这是一个类似的方法。我们将把数据集分成 train
和 test
两个。 train
数据集将用于调整超参数和拟合不同模型。然后我们将选择最佳(根据 MSE)模型并从 test
数据集中预测值。
所有经过训练(拟合)的模型都将保存为 Pickle 文件,因此稍后可以使用 joblib.load()
方法加载它们。
输出:
----------------------------- [SVR_rbf] ------------------------------
Fitting 3 folds for each of 4 candidates, totalling 12 fits
---------------------------- [SVR_linear] ----------------------------
Fitting 3 folds for each of 4 candidates, totalling 12 fits
------------------------------ [Ridge] -------------------------------
Fitting 3 folds for each of 7 candidates, totalling 21 fits
------------------------------ [Lasso] -------------------------------
Fitting 3 folds for each of 6 candidates, totalling 18 fits
--------------------------- [RandomForest] ---------------------------
Fitting 3 folds for each of 3 candidates, totalling 9 fits
----------------------------- [SVR_rbf] ------------------------------
Score: 44.88%
Parameters: {'SVR_rbf__C': 10, 'SVR_rbf__max_iter': 500}
**********************************************************************
---------------------------- [SVR_linear] ----------------------------
Score: 33.40%
Parameters: {'SVR_linear__C': 0.01, 'SVR_linear__max_iter': 1000}
**********************************************************************
------------------------------ [Ridge] -------------------------------
Score: 34.83%
Parameters: {'Ridge__alpha': 500, 'Ridge__max_iter': 200}
**********************************************************************
------------------------------ [Lasso] -------------------------------
Score: 22.90%
Parameters: {'Lasso__alpha': 0.1, 'Lasso__max_iter': 1000}
**********************************************************************
--------------------------- [RandomForest] ---------------------------
Score: 36.87%
Parameters: {'RandomForest__max_depth': 5, 'RandomForest__n_estimators': 250}
**********************************************************************
Mean Squared Error: {'SVR_rbf': 5.375, 'SVR_linear': 7.036, 'Ridge': 7.02, 'Lasso': 8.108, 'RandomForest': 9.475}
代码:
import os
#import contextlib
from operator import itemgetter
from pathlib import Path
import pandas as pd
import numpy as np
from sklearn.model_selection import train_test_split
from sklearn.preprocessing import StandardScaler
from sklearn.model_selection import GridSearchCV
from sklearn.linear_model import SGDRegressor, Ridge, Lasso
from sklearn.ensemble import RandomForestRegressor
from sklearn.svm import SVR
from sklearn.pipeline import Pipeline, make_pipeline
from sklearn.metrics import mean_squared_error, r2_score
from sklearn.externals import joblib
def get_data(path='.'):
p = Path(path)
kwargs = dict(delim_whitespace=True, header=None)
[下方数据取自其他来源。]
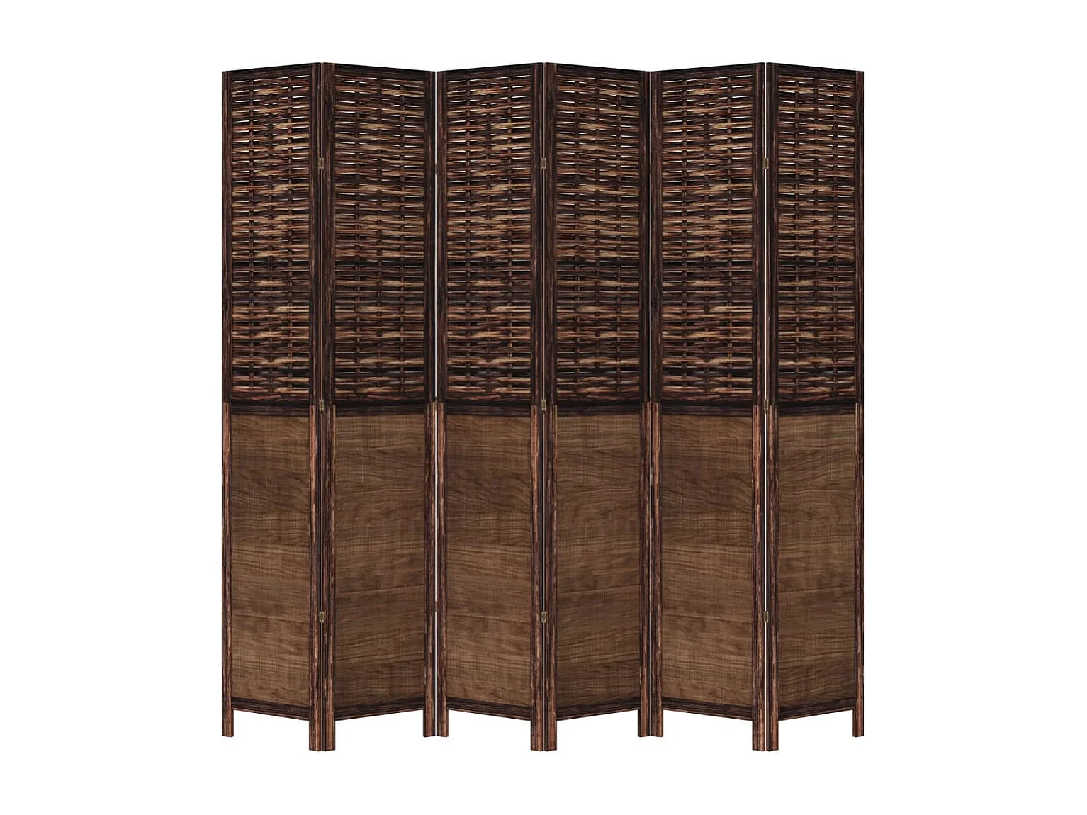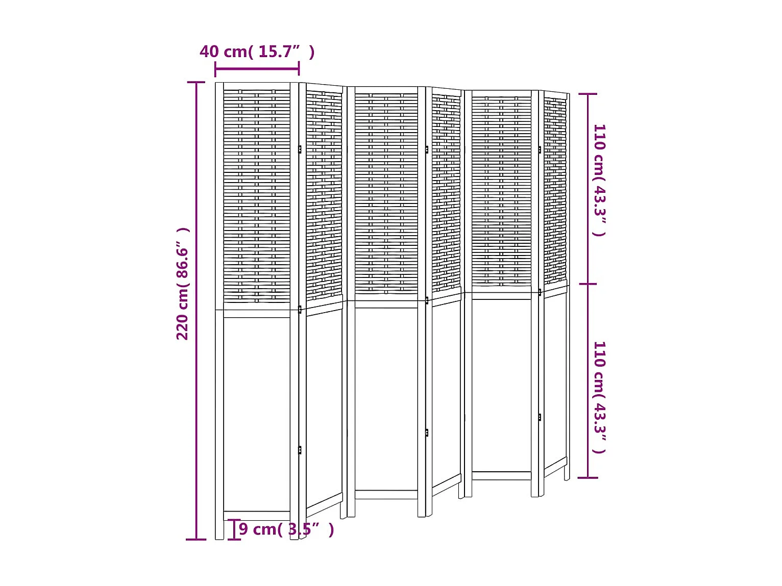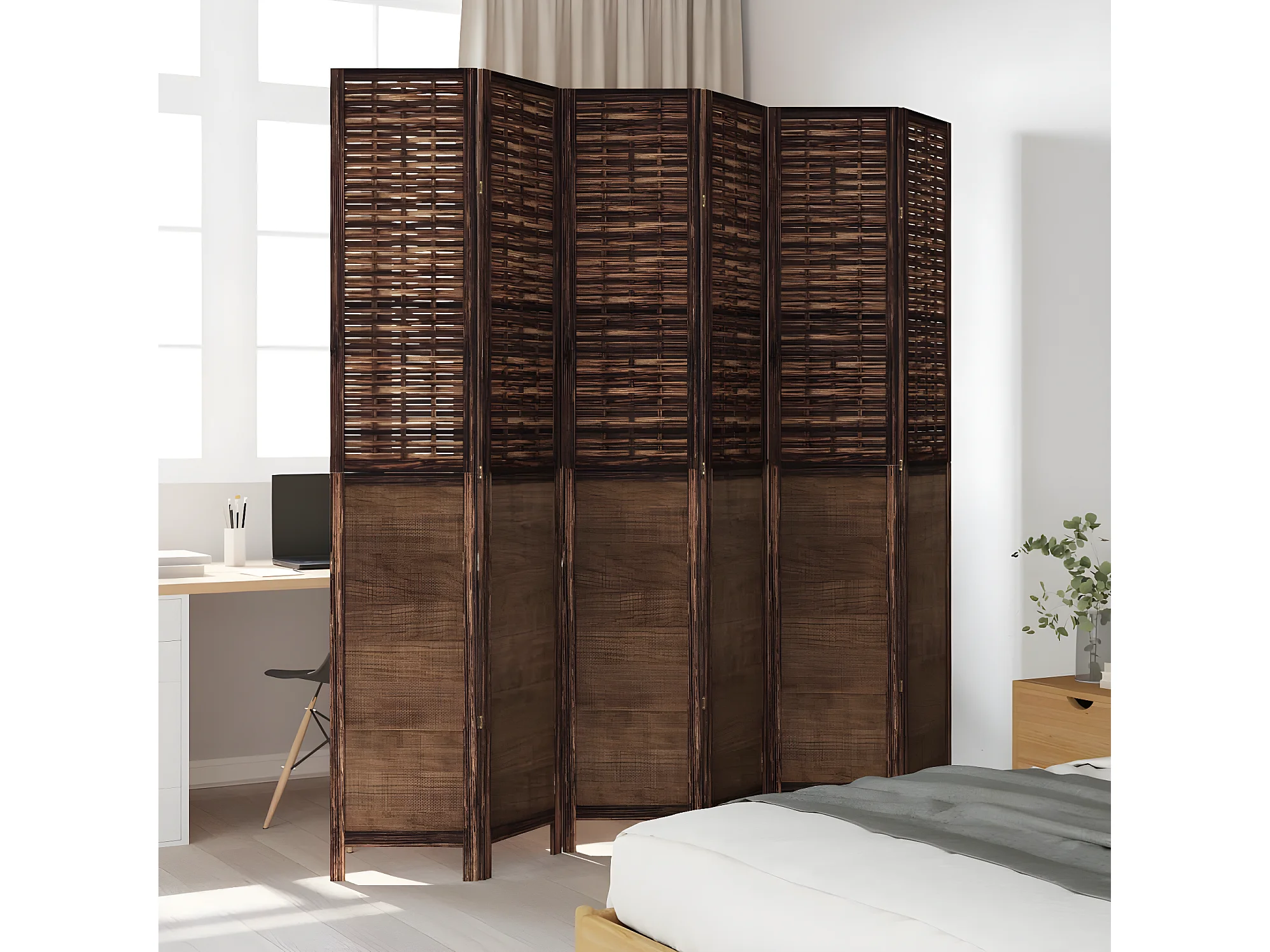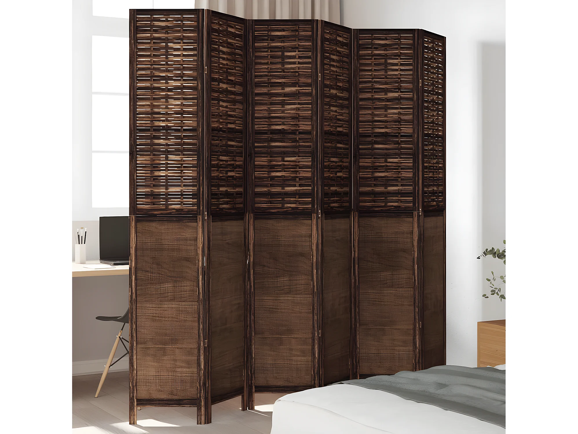 Cloison de séparation 6 panneaux marron foncé paulownia massif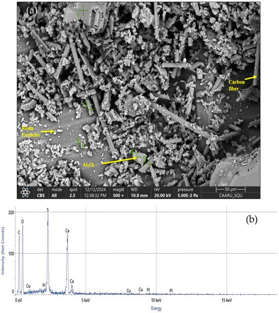 (a) SEM micrograph of CFRP laminate with 4% Al2O3 (b) corresponding EDX spectrum.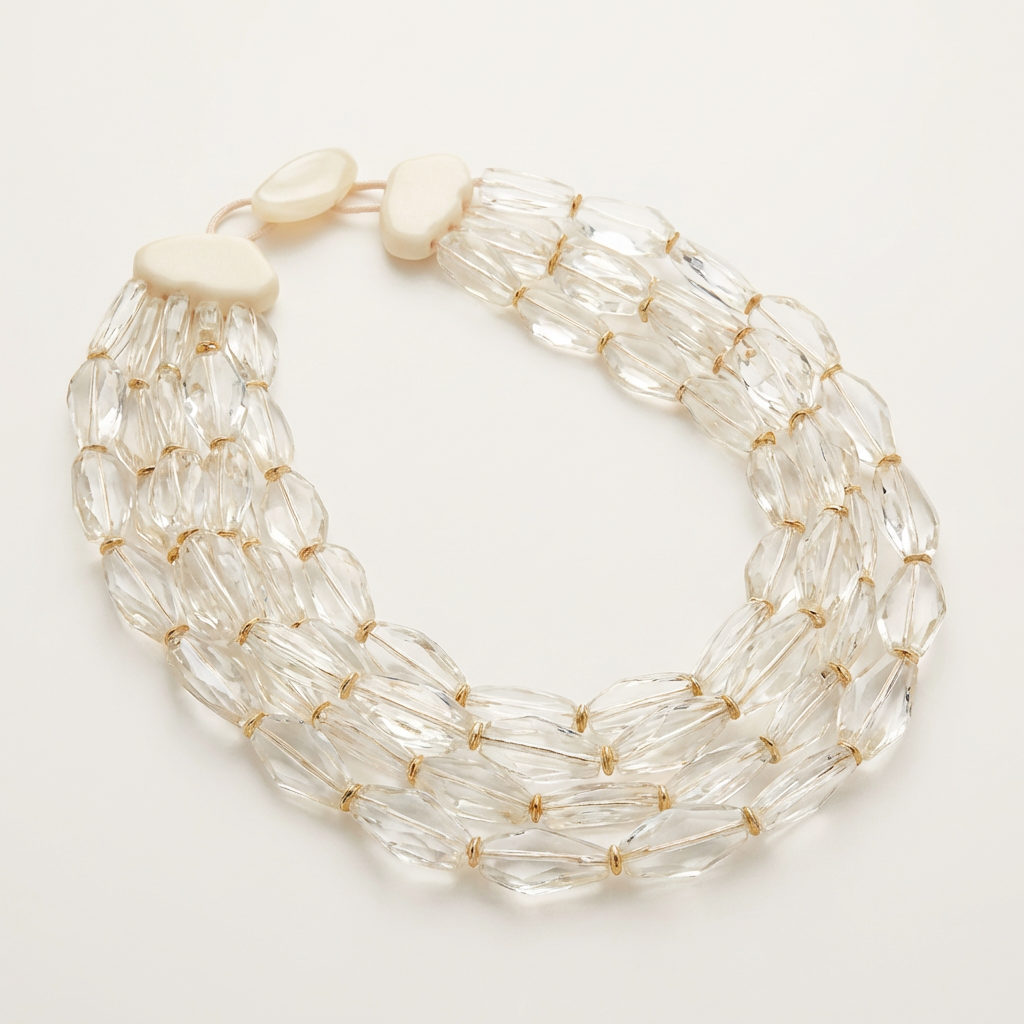 Colar em resina acrílica facetada com entremeios banho flash de ouro 18k e fio encerado. Níquel free.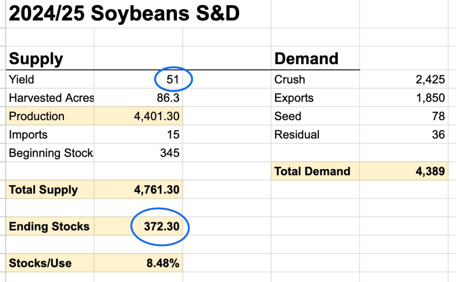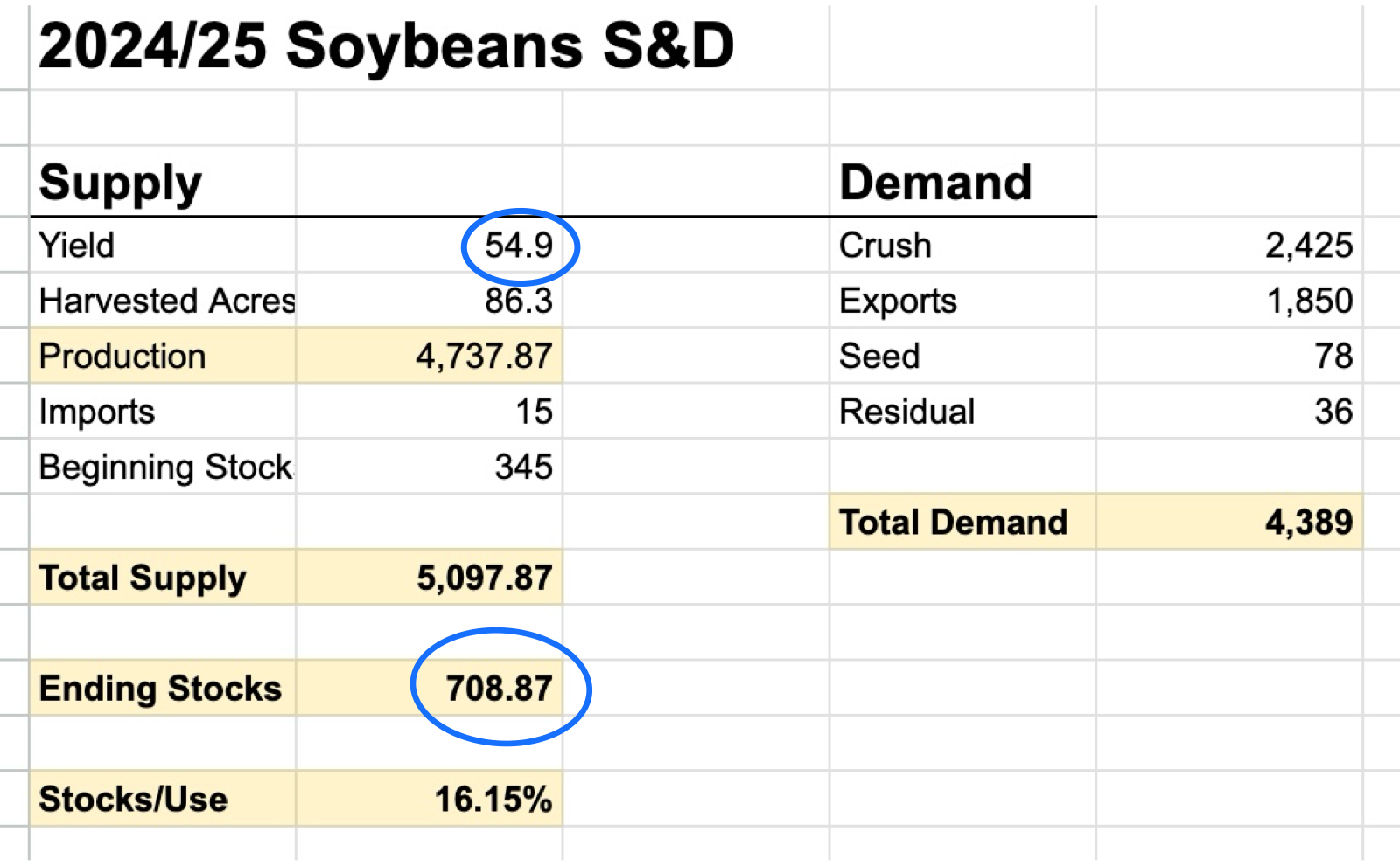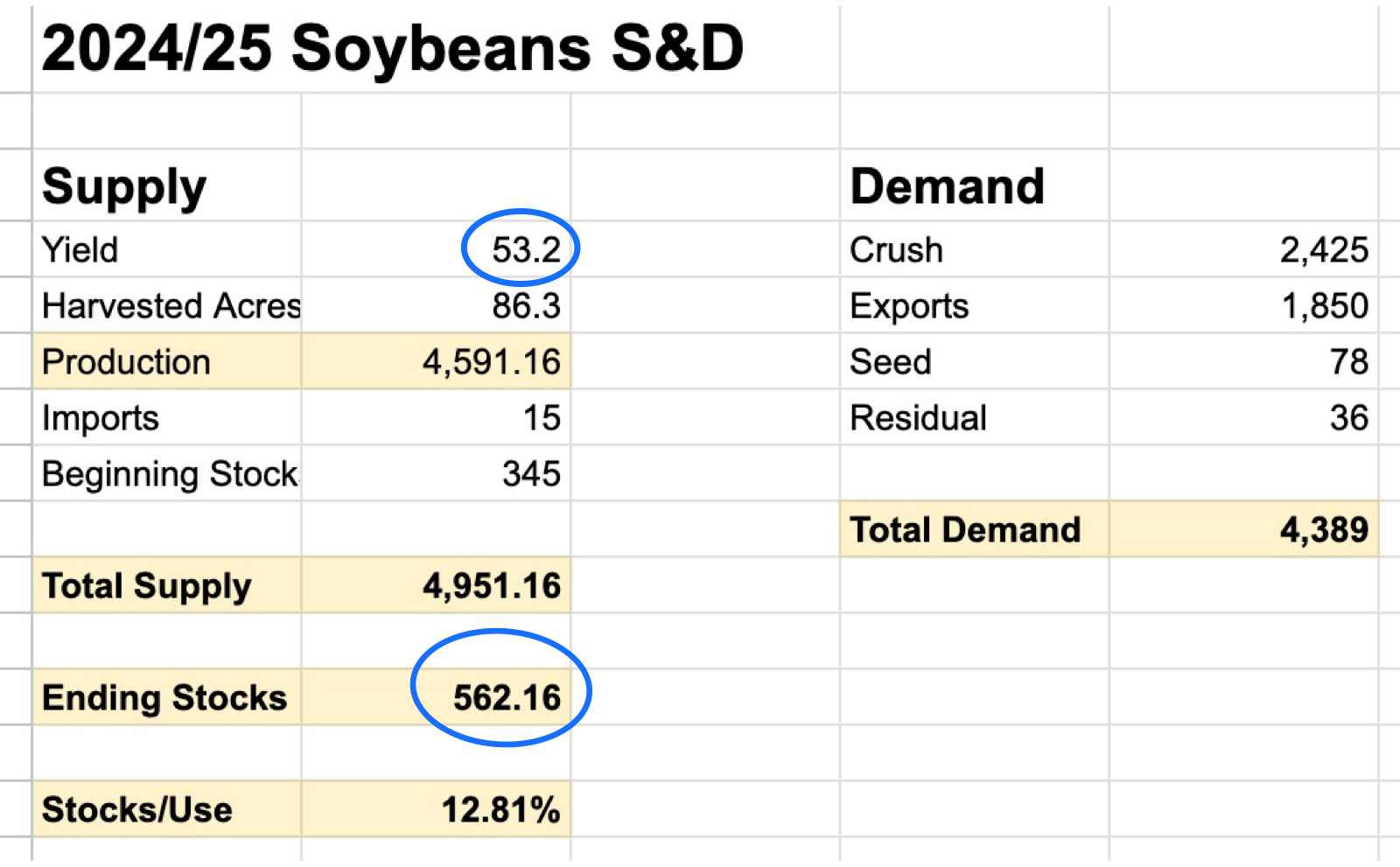USDA REPORT: BEARISH BEANS. SMALLER CORN CARRYOUT & RECORD YIELDS

X_train = pd.read_csv(list(p.glob('trainX.txt*'))[0], **kwargs)
y_train = pd.read_csv(list(p.glob('trainY.txt*'))[0], **kwargs)
X_test = pd.read_csv(list(p.glob('testX.txt*'))[0], **kwargs)
y_test = pd.read_csv(list(p.glob('testY.txt*'))[0], **kwargs)
return (pd.concat([X_train, X_test], ignore_index=True),
pd.concat([y_train, y_test], ignore_index=True)[0])
def get_data_split(path='.', test_size=0.25):
X, y = get_data(path)
return train_test_split(X, y, test_size=test_size)
def tune_models_hyperparams(X, y, models, **common_grid_kwargs):
grids = {}
for model in models:
print('{:-^70}'.format(' [' + model['name'] + '] '))
pipe = Pipeline([
("scale", StandardScaler()),
(model['name'], model['model']) ])
grids[model['name']] = (GridSearchCV(pipe,
param_grid=model['param_grid'],
**common_grid_kwargs)
.fit(X, y))
# saving single trained model ...
joblib.dump(grids[model['name']], './{}.pkl'.format(model['name']))
return grids
def get_best_model(grid, X_test, y_test,
metric_func=mean_squared_error):
res = {name : round(metric_func(y_test, model.predict(X_test)), 3)
for name, model in grid.items()}
print('Mean Squared Error:', res)
best_model_name = min(res, key=itemgetter(1))
return grid[best_model_name]
def test_dataset(grid, X_test, y_test):
res = {}
for name, model in grid.items():
y_pred = model.predict(X_test)
res[name] = {'MSE': mean_squared_error(y_test, y_pred),
'R2': r2_score(y_test, y_pred)
}
return res
def predict(grid, X_test, model_name):
return grid[model_name].predict(X_test)
def print_grid_results(grids):
for name, model in grids.items():
print('{:-^70}'.format(' [' + name + '] '))
print('Score:\t\t{:.2%}'.format(model.best_score_))
print('Parameters:\t{}'.format(model.best_params_))
print('*' * 70)
models = [
{ 'name': 'SVR_rbf',
'model': SVR(),
'title': "SVR_rbf",
'param_grid': {
'SVR_rbf__C': [0.1, 1, 5, 10],
'SVR_rbf__max_iter': [500]
}
},
{ 'name': 'SVR_linear',
'model': SVR(kernel='linear'),
'title': "SVR_rbf",
'param_grid': {
'SVR_linear__C': [0.01, 0.1, 1, 5],
'SVR_linear__max_iter': [1000]
}
},
{ 'name': 'Ridge',
'model': Ridge(),
'title': "Ridge",
'param_grid': {
'Ridge__alpha': [0.1, 0.5, 5, 10, 50, 100, 500],
'Ridge__max_iter': [200]
}
},
{ 'name': 'Lasso',
'model': Lasso(),
'title': "Lasso",
'param_grid': {
'Lasso__alpha': [0.0001, 0.001, 0.01, 0.1, 1, 10],
'Lasso__max_iter': [1000]
}
},
{ 'name': 'RandomForest',
'model': RandomForestRegressor(),
'title': "RandomForest",
'param_grid': {
'RandomForest__n_estimators': [50, 250, 500],
'RandomForest__max_depth': [5],
}
},
]
def main(path):
os.chdir(str(path))
X_train, X_test, y_train, y_test = \
get_data_split(path, test_size=127/510.)
grid = tune_models_hyperparams(X_train, y_train, models, cv=3,
verbose=2, n_jobs=-1)
print_grid_results(grid)
model = get_best_model(grid, X_test, y_test)
df = pd.DataFrame({'predicted': model.predict(X_test)})
df.to_csv('predicted.csv', index=False)
if __name__ == "__main__":
p = Path(__file__).parent.resolve()
main(p)